# Work to complete
Leave the pictures out, and repeat exactly every line from the one with "The park fauna" through the end of the data below.

==== Data section ====

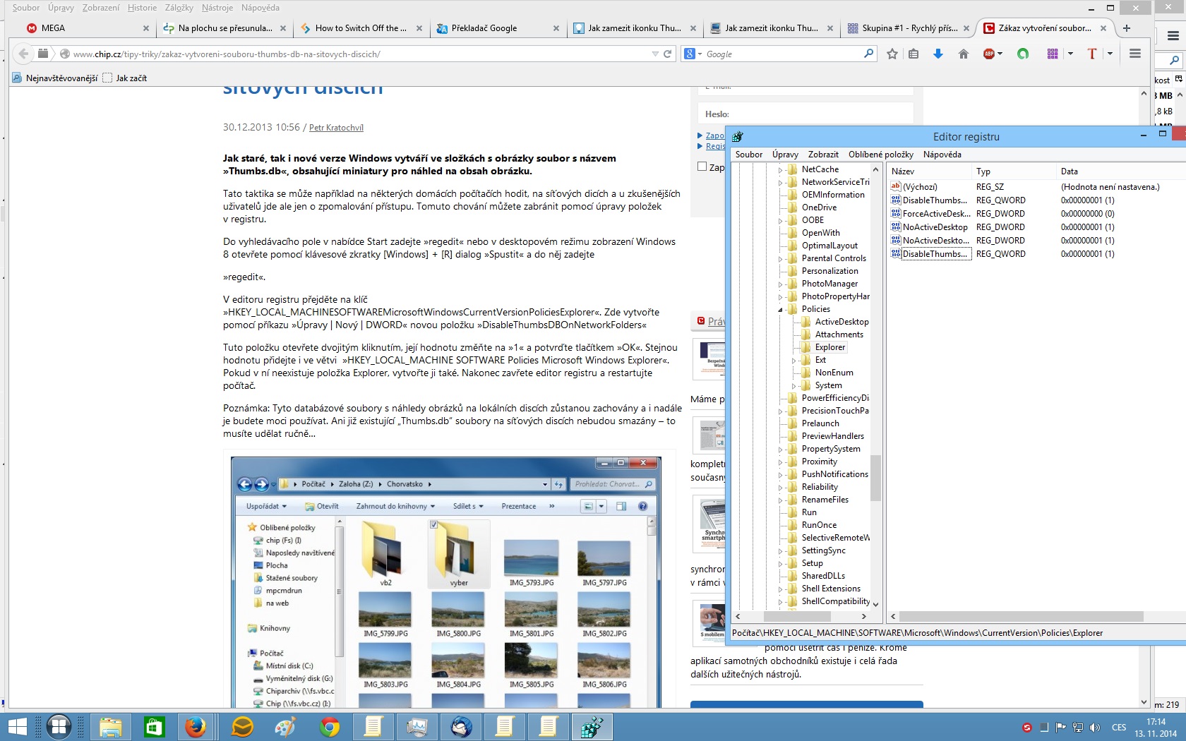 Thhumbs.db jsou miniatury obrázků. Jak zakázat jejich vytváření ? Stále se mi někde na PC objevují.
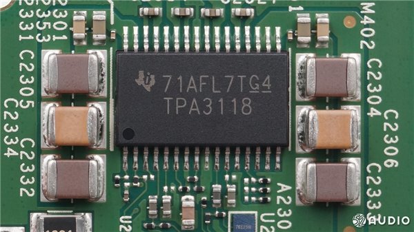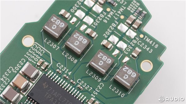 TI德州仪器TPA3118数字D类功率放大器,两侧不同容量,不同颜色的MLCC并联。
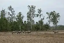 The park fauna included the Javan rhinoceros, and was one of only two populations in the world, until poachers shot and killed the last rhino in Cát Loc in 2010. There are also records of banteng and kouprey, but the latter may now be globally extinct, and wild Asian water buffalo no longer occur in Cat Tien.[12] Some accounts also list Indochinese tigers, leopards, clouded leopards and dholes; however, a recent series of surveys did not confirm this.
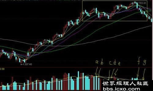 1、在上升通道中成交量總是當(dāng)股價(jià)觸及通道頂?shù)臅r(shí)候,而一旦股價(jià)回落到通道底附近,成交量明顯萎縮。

====

# Response box
 The park fauna included the Javan rhinoceros, and was one of only two populations in the world, until poachers shot and killed the last rhino in Cát Loc in 2010. There are also records of banteng and kouprey, but the latter may now be globally extinct, and wild Asian water buffalo no longer occur in Cat Tien.[12] Some accounts also list Indochinese tigers, leopards, clouded leopards and dholes; however, a recent series of surveys did not confirm this.
 1、在上升通道中成交量總是當(dāng)股價(jià)觸及通道頂?shù)臅r(shí)候,而一旦股價(jià)回落到通道底附近,成交量明顯萎縮。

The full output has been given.